Sang pemuda begitu mengagumi keindahan suasana syurga yang sangat menawan dan tak tertandingi. Namun, tiba-tiba ia terbangun dan mimpi itu pun hilang. Tak disangka, ia melihat tujuh mutiara sebesar telor bebek. Betapa senang hati pemuda itu dan ingin menjual mutiara-mutiara tersebut. Ia pun menemui sang kiai sebelum pergi ke tempat penjualan mutiara.

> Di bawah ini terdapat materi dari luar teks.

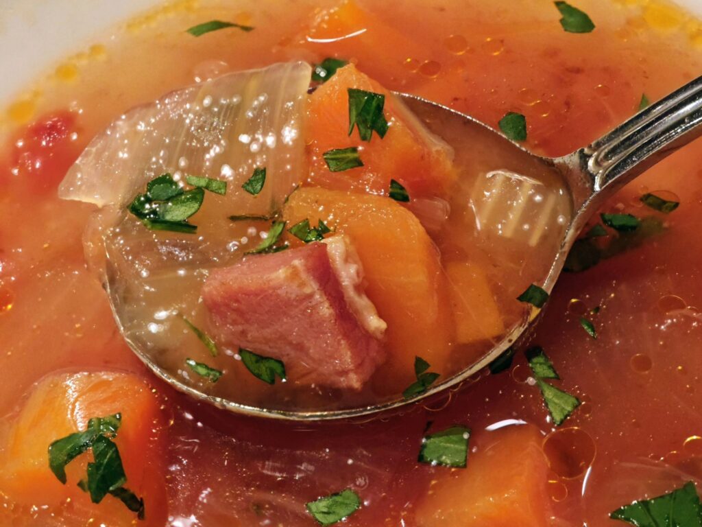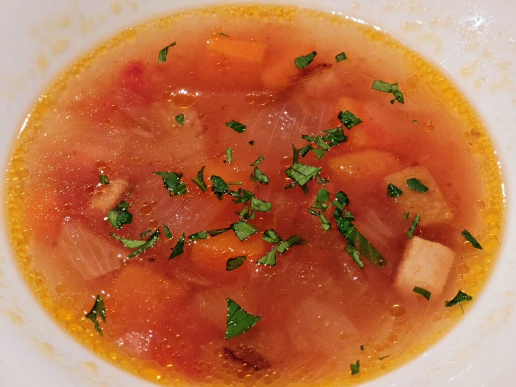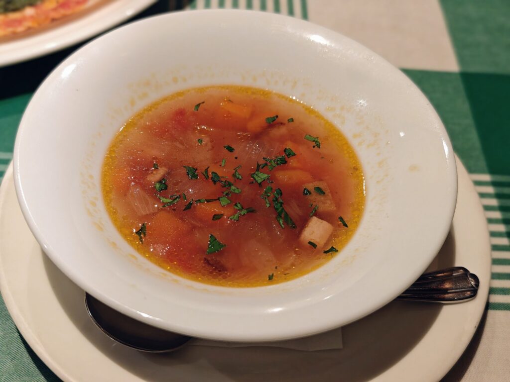 具もベーコン、人参、玉ねぎ、セロリ、パセリとゴロゴロ具沢山で大満足。

“Pak Kiai, setelah bermimpi saya mendapati tujuh mutiara yang sangat indah ini. Akhirnya Allah menjawab doa saya,” kata pemuda penuh keriangan.
”Alhamdulillah. Tapi perlu kamu ketahui bahwa tujuh mutiara itu adalah pahala-pahala ibadah yang kamu jalankan selama 3 tahun lalu.”
”Ini pahala-pahala saya? Lalu bagaimana dengan syurga saya Pak Kiai?”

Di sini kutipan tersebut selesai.